# [Information supplied]
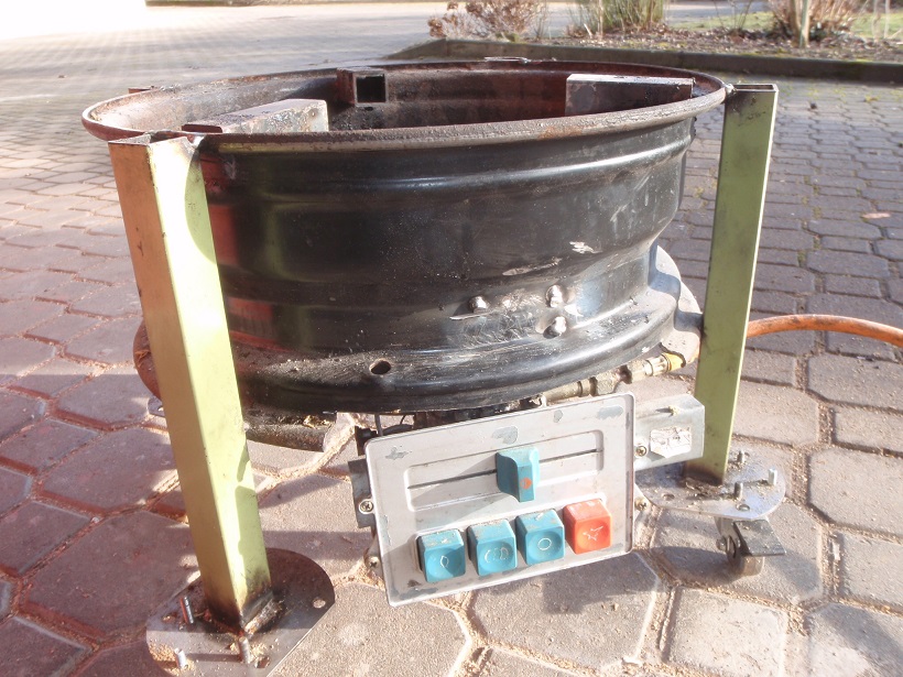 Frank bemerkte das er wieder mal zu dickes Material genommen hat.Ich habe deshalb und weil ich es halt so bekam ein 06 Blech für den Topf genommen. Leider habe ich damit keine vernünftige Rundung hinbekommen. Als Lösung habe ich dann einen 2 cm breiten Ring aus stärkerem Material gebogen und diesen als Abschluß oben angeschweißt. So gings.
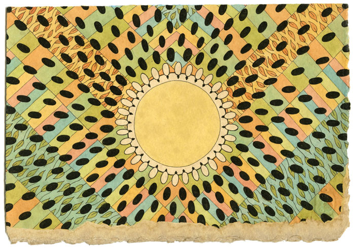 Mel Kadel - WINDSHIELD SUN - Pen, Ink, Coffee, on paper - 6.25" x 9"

==

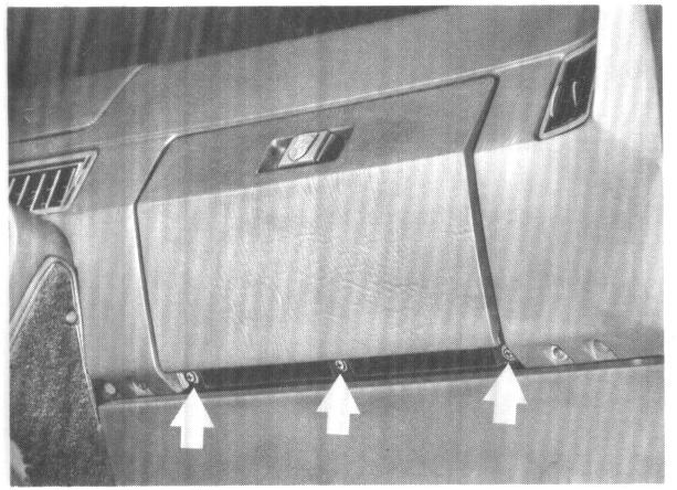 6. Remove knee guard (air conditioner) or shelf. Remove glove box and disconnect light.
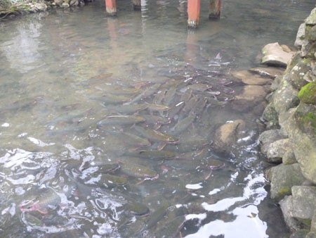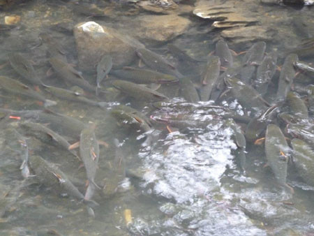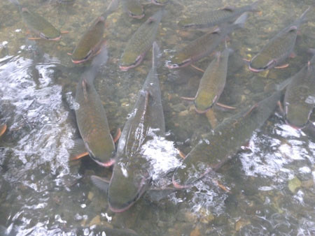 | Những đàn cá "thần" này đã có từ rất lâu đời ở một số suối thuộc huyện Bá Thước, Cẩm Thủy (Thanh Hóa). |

--

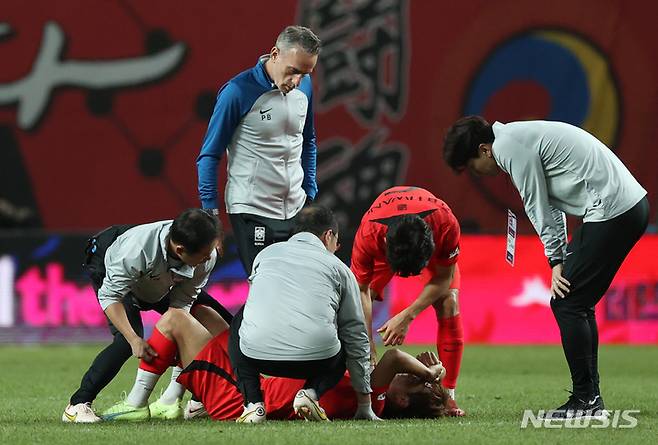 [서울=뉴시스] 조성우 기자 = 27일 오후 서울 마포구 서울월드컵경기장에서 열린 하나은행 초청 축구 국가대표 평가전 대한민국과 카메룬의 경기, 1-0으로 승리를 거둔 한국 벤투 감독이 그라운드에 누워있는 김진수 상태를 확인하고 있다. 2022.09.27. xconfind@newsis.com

# [Task objective]
Leaving out all pictures, set down exactly the lines of the material above, from the line with "Frank bemerkte das" to the line with "Mel Kadel - WINDSHIELD" inclusive, and no others.

# [Result for this exercise]
 Frank bemerkte das er wieder mal zu dickes Material genommen hat.Ich habe deshalb und weil ich es halt so bekam ein 06 Blech für den Topf genommen. Leider habe ich damit keine vernünftige Rundung hinbekommen. Als Lösung habe ich dann einen 2 cm breiten Ring aus stärkerem Material gebogen und diesen als Abschluß oben angeschweißt. So gings.
 Mel Kadel - WINDSHIELD SUN - Pen, Ink, Coffee, on paper - 6.25" x 9"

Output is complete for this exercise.